Traditional LLM interactions are stateless request-response cycles. Production AI agents, however, execute multi-step workflows that span extended time periods, invoke external tools with side effects, and may pause for human approval. Without durability, a crash at step 9 of a 10-step workflow means restarting from scratch — wasting tokens, compute, and potentially causing duplicate side effects.

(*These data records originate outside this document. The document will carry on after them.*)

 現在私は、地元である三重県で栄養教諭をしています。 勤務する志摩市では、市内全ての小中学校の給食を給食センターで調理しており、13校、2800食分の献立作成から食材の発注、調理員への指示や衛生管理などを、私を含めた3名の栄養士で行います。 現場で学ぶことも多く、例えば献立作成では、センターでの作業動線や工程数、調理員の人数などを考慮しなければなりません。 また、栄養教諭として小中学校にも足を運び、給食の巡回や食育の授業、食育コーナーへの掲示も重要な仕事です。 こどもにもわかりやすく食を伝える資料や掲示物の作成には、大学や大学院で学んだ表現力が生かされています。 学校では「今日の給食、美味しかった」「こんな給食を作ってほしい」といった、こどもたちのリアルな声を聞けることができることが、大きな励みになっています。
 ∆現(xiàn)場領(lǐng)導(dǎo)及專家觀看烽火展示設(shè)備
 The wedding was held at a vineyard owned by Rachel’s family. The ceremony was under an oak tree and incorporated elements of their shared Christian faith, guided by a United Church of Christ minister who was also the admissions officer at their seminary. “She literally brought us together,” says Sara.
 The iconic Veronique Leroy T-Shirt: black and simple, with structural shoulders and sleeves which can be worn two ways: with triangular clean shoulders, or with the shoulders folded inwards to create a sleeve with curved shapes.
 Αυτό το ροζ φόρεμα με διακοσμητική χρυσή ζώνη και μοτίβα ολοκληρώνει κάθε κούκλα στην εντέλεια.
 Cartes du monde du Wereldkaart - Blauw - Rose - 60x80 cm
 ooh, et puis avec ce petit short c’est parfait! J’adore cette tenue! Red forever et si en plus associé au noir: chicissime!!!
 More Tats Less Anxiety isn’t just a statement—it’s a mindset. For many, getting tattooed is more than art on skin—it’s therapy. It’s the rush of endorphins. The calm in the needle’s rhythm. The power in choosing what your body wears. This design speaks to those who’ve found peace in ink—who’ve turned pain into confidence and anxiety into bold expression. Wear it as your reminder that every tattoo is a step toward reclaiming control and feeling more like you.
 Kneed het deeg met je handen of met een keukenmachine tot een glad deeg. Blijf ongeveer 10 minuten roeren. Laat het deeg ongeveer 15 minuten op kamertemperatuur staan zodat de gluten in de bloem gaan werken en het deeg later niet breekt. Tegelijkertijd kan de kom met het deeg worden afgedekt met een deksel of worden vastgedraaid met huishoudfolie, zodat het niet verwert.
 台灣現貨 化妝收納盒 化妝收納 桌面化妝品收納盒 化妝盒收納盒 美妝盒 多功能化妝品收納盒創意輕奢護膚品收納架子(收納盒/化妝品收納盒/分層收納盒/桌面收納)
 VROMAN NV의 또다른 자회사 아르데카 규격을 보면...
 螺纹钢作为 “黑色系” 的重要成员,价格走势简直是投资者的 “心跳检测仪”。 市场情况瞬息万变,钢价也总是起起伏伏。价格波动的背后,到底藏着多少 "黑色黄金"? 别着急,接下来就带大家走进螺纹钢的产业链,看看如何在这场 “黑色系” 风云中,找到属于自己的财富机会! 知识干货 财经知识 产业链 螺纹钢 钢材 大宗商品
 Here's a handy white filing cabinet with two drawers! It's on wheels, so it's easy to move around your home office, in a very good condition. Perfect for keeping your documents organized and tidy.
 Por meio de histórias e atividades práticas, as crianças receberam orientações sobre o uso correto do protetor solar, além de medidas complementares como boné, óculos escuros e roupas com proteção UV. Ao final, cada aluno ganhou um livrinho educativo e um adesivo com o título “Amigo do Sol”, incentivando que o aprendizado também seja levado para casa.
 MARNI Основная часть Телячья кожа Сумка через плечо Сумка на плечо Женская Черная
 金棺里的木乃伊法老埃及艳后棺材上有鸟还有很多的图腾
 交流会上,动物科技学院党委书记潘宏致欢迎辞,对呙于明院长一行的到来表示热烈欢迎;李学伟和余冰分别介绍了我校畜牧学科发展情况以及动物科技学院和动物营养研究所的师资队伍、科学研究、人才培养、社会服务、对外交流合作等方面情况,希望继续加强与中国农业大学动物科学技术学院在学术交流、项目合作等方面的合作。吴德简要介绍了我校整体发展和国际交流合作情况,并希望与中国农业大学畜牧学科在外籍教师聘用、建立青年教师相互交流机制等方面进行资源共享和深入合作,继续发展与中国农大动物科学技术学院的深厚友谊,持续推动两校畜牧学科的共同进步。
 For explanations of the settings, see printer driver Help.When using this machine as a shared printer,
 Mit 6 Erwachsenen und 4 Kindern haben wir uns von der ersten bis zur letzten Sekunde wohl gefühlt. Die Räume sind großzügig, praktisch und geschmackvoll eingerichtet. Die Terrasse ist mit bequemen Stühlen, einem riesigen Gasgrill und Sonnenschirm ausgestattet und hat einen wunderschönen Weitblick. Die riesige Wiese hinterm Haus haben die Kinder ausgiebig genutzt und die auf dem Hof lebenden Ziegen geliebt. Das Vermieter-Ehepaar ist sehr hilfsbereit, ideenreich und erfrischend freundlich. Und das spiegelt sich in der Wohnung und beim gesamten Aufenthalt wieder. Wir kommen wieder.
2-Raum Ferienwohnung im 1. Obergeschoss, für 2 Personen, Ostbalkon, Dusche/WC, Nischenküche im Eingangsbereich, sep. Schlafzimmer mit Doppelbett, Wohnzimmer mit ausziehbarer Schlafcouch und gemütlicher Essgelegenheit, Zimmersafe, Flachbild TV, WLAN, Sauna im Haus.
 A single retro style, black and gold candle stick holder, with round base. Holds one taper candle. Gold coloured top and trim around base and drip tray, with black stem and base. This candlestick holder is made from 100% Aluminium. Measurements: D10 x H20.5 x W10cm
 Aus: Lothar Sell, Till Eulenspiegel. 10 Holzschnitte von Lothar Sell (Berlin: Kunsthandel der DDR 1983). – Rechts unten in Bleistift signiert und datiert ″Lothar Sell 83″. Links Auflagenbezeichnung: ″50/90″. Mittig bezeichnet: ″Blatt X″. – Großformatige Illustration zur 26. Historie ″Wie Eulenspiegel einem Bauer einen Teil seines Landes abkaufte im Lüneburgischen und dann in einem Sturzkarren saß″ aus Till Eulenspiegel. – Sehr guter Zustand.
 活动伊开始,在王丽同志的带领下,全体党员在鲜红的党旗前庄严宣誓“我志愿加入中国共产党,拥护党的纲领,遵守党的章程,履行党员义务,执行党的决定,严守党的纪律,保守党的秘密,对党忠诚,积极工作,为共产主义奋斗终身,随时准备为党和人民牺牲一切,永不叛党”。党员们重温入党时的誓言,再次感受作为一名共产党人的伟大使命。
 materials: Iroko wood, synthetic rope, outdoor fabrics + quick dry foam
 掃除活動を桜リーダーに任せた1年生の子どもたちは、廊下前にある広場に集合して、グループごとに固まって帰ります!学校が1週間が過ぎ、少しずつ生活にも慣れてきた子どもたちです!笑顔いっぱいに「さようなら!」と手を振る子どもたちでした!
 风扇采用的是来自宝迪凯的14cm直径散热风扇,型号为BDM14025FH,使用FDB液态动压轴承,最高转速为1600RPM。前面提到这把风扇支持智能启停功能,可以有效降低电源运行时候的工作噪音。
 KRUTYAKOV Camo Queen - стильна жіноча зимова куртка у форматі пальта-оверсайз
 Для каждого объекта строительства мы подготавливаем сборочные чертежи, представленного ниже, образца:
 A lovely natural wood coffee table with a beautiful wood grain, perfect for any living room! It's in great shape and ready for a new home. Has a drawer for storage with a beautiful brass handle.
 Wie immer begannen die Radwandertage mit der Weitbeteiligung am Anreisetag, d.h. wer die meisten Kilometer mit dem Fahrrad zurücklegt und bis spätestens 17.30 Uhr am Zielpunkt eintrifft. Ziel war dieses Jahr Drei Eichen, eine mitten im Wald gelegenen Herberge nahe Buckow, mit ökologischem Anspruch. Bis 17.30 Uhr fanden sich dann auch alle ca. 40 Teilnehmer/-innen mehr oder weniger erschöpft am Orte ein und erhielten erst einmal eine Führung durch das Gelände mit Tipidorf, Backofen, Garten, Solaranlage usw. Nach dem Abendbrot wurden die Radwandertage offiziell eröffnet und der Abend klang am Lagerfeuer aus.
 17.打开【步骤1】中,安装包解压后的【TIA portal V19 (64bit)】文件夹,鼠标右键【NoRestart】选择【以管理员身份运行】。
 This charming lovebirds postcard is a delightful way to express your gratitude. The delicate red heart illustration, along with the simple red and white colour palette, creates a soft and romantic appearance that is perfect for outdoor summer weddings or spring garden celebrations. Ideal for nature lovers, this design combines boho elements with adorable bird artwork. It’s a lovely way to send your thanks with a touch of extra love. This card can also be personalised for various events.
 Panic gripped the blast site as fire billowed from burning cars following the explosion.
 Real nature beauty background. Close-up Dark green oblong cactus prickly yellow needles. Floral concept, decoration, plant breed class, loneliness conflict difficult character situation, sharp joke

Durable execution crossed into the early majority in late 2025, driven by AI agent infrastructure needs. AWS released Durable Functions, Cloudflare shipped Workflows in GA, and Vercel launched its Workflow DevKit. Temporal raised $300M at a $5B valuation in February 2026, with 1.86 trillion lifetime actions from AI-native companies alone.⁸⁾ As a runtime feature, durable execution enables checkpointing, replay, and resumption of agent plans across service restarts or interruptions, with platforms like Cloudflare's Dynamic Workflows and LangChain's primitives making this a first-class feature for production agent deployment.⁹⁾ Emerging infrastructure solutions including Mistral Workflows support enterprise deployment patterns with fault tolerance and observability as core features.¹⁰⁾

Core Patterns

Checkpointing

Agents periodically save intermediate state to durable storage after each meaningful step. On failure, the system resumes from the last checkpoint rather than restarting. Two dominant mechanisms exist:

Journal-based replay — records each completed step as an event; on crash, replays the journal to reconstruct state without re-executing completed steps
Database checkpointing — persists full state snapshots after each node in the workflow graph

Durable execution pattern with checkpointing
class DurableAgent:
    def __init__(self, agent, state_store):
        self.agent = agent
        self.store = state_store
 
    def execute_task(self, task_id, steps):
        # Resume from last checkpoint if available
        state = self.store.load(task_id) or {"completed": [], "results": {}}
 
        for step in steps:
            if step.id in state["completed"]:
                continue  # Already completed, skip on replay
 
            result = self._execute_with_retry(step, state)
            state["results"][step.id] = result
            state["completed"].append(step.id)
 
            # Persist state after each step
            self.store.save(task_id, state)
 
        return state["results"]
 
    def _execute_with_retry(self, step, state, max_retries=3):
        for attempt in range(max_retries):
            try:
                return step.execute(state)
            except TransientError:
                continue
        raise PermanentFailure(f"Step {step.id} failed after {max_retries} retries")

Crash Recovery

Systems recover from infrastructure failures by replaying checkpoints and resuming from the last safe point. This works even after extended downtime — an agent that crashes overnight resumes exactly where it stopped, with all prior context intact.

Idempotent Tool Calls

Tools must be designed for safe retry. If a tool call (database update, API request, payment) partially succeeds before a crash, the system deduplicates on retry to avoid side effects like duplicate emails or double charges. Techniques include:

Idempotency keys — unique identifiers for each tool invocation enabling deduplication
Exactly-once semantics — the infrastructure guarantees each tool call completes exactly once
Compensating transactions — the Saga pattern adapted to AI workflows provides automatic rollback when multi-step tasks partially fail

Human-in-the-Loop Pauses

Production agents often require human approval before critical actions. Durable execution's suspend/resume primitives enable workflows to pause for hours or days awaiting approval without losing state. The agent's full context — reasoning history, intermediate results, planned next steps — persists across the pause.

Infrastructure Platforms

Temporal

Temporal is the most mature durable execution platform, built on deterministic workflow replay. Every LLM call, tool execution, and API request is captured as a workflow step. On crash, the runtime replays the journal and restores exact agent state.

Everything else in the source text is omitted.